Ex-6: Model validation
On canvas you find a file called “CV.R
” containing two functions CV()
and Kfold()
. Download this file and open it in RStudio and press the “source” button up to the right in the script window. This will run the file and create these functions. You can also scource the file as,
source('_functions/CV.R')
A fitted model should ideally be validated on a test set of new and un-touched data. We could predict the new samples using our best choice model and evaluate the prediction performance. If the model predicts well, we probably have a good model!
If we don’t have a test set, we may perform Cross-validation. The most common version is the Leave-One-Out Cross-validation where we successively remove one observation from the data and fit the model to the remaining observations. The fitted model is used to predict the left out observation. After fitting a model, the left out observation is put back, and another is left out. In ttoal we then fit \(n\) models, and perform \(n\) predictions.
- Use the
CV()
function to perform a Leave-One-Out CV using thecars2
model fit by:
res <- CV(cars2)
print(res)
$pred
[1] 22.0 20.1 26.6 19.4 16.4 19.1 16.6 21.3 21.9 19.0 19.1 15.1 15.9 15.9
[15] 13.1 12.8 11.1 26.5 31.0 28.7 24.5 16.6 16.9 15.9 15.4 29.0 27.6 32.0
[29] 16.0 21.1 12.3 23.7
$msep
[1] 6.09
$r.squared.pred
[1] 0.828
The CV()
returns a list with three elements, the predictions, the Mean Square Error of Prediction and and \(R^2\)-predicted.
- Make a plot of the observed mpg versus the cross-validation predictions.
plot(mtcars$mpg, res$pred, xlab = "Observed", ylab = "Predicted")
- Is the best model from the previous exercise, identified by the
best.subsets()
, a better model in terms of prediction error (MSEP)? The MSEP is defined by:
\[\text{MSEP} = \frac{1}{n}\sum_{i=1}^{n}\left(y_i - \hat{y}_{(i)}\right)^2\]
where \(\hat{y}_{(i)}\) is the prediction of \(y_i\) using a model where observation \(i\) was left out from the model estimation. A small value implies better prediction.

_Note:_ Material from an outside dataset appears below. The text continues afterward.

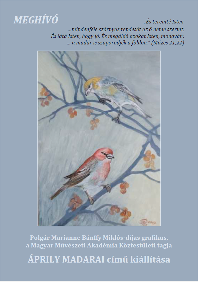 Szeretettel várunk minden érdeklődőt a Magyar Festészet Napja alkalmából megrendezésre kerülő Áprily madarai című kiállítás megnyitójára, amelyre október 17-én, 18 órakor kerül sor a Váci Mihály Művelődési Központban.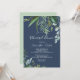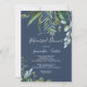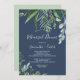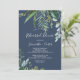 Cette invitation de dîner de répétition de mariage naval estival est parfaite pour une répétition de mariage élégante en plein été. Le design botanique présente une disposition luxuriante d'eucalyptus aquarelle peinte, de feuillage et de feuilles vertes sur un fond bleu marine.

cars4 <- lm(mpg ~ cyl + hp + wt, data = mtcars)
CV(cars4)
$pred
[1] 22.97 22.08 26.26 20.91 16.98 20.41 15.65 23.65 23.38 20.03 20.10
[12] 14.97 16.05 16.07 11.02 10.09 8.74 26.32 28.71 27.35 25.83 17.69
[23] 18.09 14.79 15.57 27.70 26.62 27.72 16.58 21.28 12.89 24.61
$msep
[1] 7.19
$r.squared.pred
[1] 0.797
No, this model does not predict better than cars2.
- Leave-One-out CV is known to have large uncertainty, and using a K-fold CV is an alternative. Then the data are divided into K subsets (folds) of approximately equal sizes, and a leave-one-fold-out CV is performed instead. A K=10 is often recommended. Here, since n=32 a K=8 is better, since this gives subsets of equal sizes. Create K=8 random folds by
myfolds <- Kfold(n = 32, K = 8, random = TRUE)
print(myfolds)
[[1]]
[1] 11 22 14 10
[[2]]
[1] 8 6 4 21
[[3]]
[1] 17 25 9 16
[[4]]
[1] 29 26 5 3
[[5]]
[1] 1 24 19 30
[[6]]
[1] 32 15 28 31
[[7]]
[1] 2 27 20 23
[[8]]
[1] 13 18 7 12
Since the folds are sampled randomly, we get r different folds each time we run Kfold()
.
As you see, myfolds is a list of 8 random subsets of observation numbers. Re-run the validation of cars2 by
CV(cars2, folds = myfolds)
$pred
[1] 22.3 20.1 27.0 19.5 16.2 18.8 16.6 21.7 21.9 19.2 19.2 15.3 16.1 16.1
[15] 13.2 10.8 11.0 26.5 31.2 28.8 23.5 16.8 16.8 16.0 15.3 29.4 26.9 32.4
[29] 16.0 21.3 12.3 23.2
$msep
[1] 5.83
$r.squared.pred
[1] 0.837
Note that the result now will vary if you repeat the creation of random K-folds for the cross-validation. Try to make a new myfolds and run the CV again.